Abstract
AI systems are quickly becoming integrated into personal life, the workplace and even the public sector. Concerningly, their internal mechanisms remain opaque even to the engineers who build them. I investigate prompt engineering techniques to improve the performance of SLMs for KQL code generation. Prompt engineering is a low-cost and effective strategy to improve model accuracy and SLMs are cheaper and more efficient than LLMs; together, these strategies are resource efficient and cost-effective ways to increase model performance. I analyze the origins and persistence of opacity in AI algorithms. Opacity is the characteristic of ML algorithms that makes them inexplicable to humans and results in them being a black box technology. Opacity makes prompt engineering necessary: developers cannot consistently predict how minute changes to a prompt may result in drastic changes in outputs. Prompt engineering is an attempt to standardize methods that have been shown to improve model performance by changing how inputs are formatted.
Prompt engineering offers a lightweight alternative to finetuning for optimizing small language models (SLMs). In my technical report, I investigate the effectiveness of several zero-shot prompt engineering strategies, such as chain of thought, prompt chaining, tree of thoughts, and automatic prompt engineer (APE), for translating natural language queries (NLQs) into Kusto Query Language (KQL) code. Using a dataset of 230 NLQ-KQL pairs within the Microsoft Defender Schema, outputs were evaluated on syntax accuracy (runnable code) and semantic accuracy (correct table and column usage).

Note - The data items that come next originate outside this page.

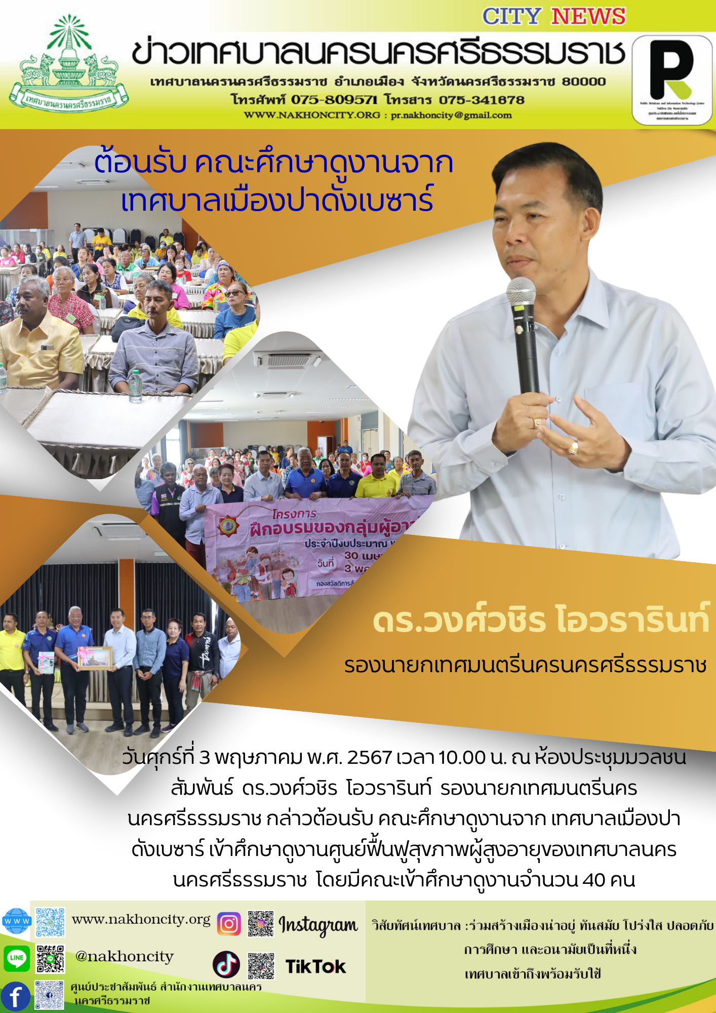 วันศุกร์ที่ 3 พฤษภาคม พ.ศ. 2567 เวลา 10.00 น. ณ ห้องประชุมมวลชนสัมพันธ์ ดร.วงศ์วชิร โอวรารินท์ รองนายกเทศมนตรีนครนครศรีธรรมราช กล่าวต้อนรับ คณะศึกษาดูงานจาก เทศบาลเมืองปาดังเบซาร์ เข้าศึกษาดูงานศูนย์ฟื้นฟูสุขภาพผู้สูงอายุของเทศบาลนครนครศรีธรรมราช โดยมีคณะเข้าศึกษาดูงานจำนวน 40 คน |
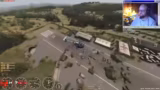 00:05:54Nachdem die Serververbindung letztendlich erfolgreich hergestellt wurde, beginnt das Gameplay auf der neuen Map. Die Streamer erkunden die Map und starten mit dem Bau einer Basis. Das Gameplay wird jedoch durch einen kritischen Bug beeinträchtigt: die Funkkommunikation funktioniert nicht. Dies erschwert die Koordination erheblich, da Trupps nicht koordiniert werden können und die gegnerischen KI-Feinde an den Flaggen respawnen, was den Spielverlauf stört.
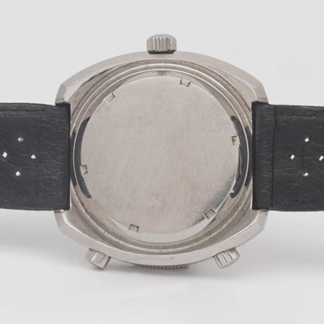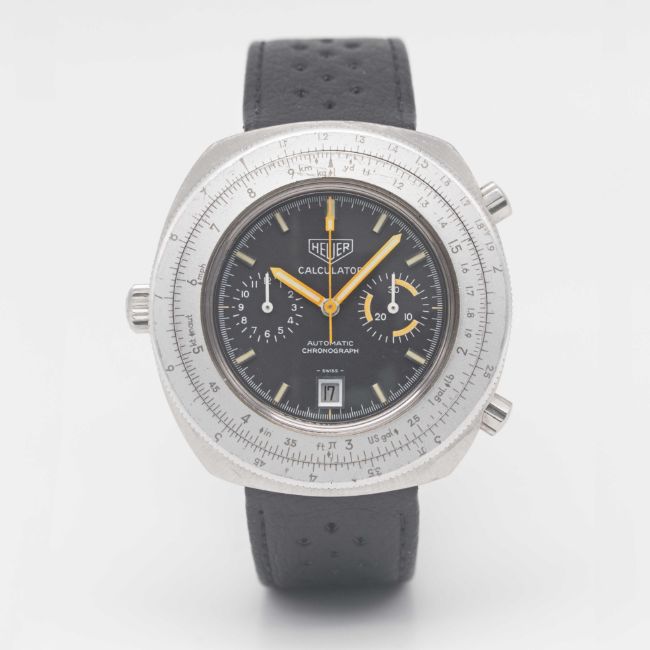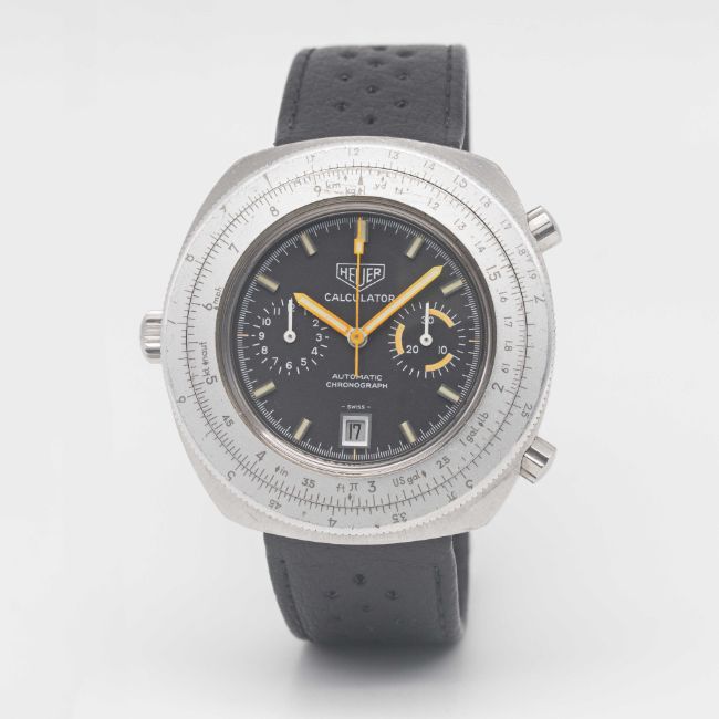 Case: Width approx. 46mm, screw back, signed Heuer-Leonidas SA, rotating "calculator" bezel, Heuer crown & pushers.
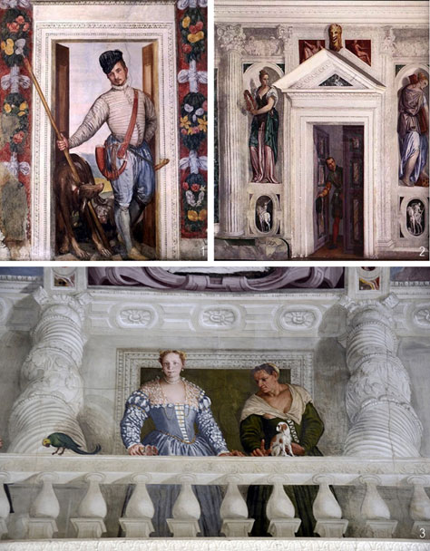 1. Охотник (автопортрет П. Веронезе). 2. Персонаж за приоткрытой дверью. 3. Хозяйка дома с няней и сыном на лоджии наблюдают за гостями. Фрагмент фрески в зале Олимпа

Results show that syntax scores were consistently high across methods, while semantic scores remained low without explicit schema information. Incorporating schema information improved semantic accuracy while reducing syntax scores, reflecting challenges in handling long context inputs. Among tested techniques, chain of thought with schema achieved the best balance between syntax and semantic performance, while APE optimized for syntax at the expense of semantic correctness. These findings highlight the trade-off between syntactic and semantic accuracy in schema-aware prompting. Future work should explore embedding-based schema retrieval and the integration of larger models into the APE framework.
In my STS paper, I investigate the origins of opacity, its persistence today, and impacts it has on how society perceives AI. Opacity prevents humans from understanding how the model arrived at a decision or output; this facilitates hidden biases and reduces the legitimacy of the decision. This is particularly important as AI is being used across industries, including the public sector, potentially serving as an inhibitor of transparency and fairness. I analyze this question by dividing it into three parts: I analyze the origins of opacity through a historical analysis of the development of machine learning, examining computer science literature of the era. I investigate the persistence of opacity today by analyzing the actor network of AI algorithms to see what factors and relationships influence opacity. Finally, I apply media analysis techniques to identify how AI is portrayed in the media and evaluate other impacts of opacity on society.
I found that opacity developed in machine learning to differentiate it from other techniques due to competition for funding and the power to define what AI is. ML ultimately won the competition; the term is synonymous with AI today. Even though opacity developed to distinguish it from other techniques, it persists today because it is beneficial for AI companies, who now have the strongest influence on the technology. One such benefit to AI companies is AI hype. Opacity makes the technology appear as a black box, creating inflationary views of the technology. This is seen in hyperbolic media reporting on ML and in Google search trends for AI. Opacity is an important issue regarding AI use because it covers hidden biases in models and when used in the public sector, it prevents governments from upholding the values of transparency and fairness.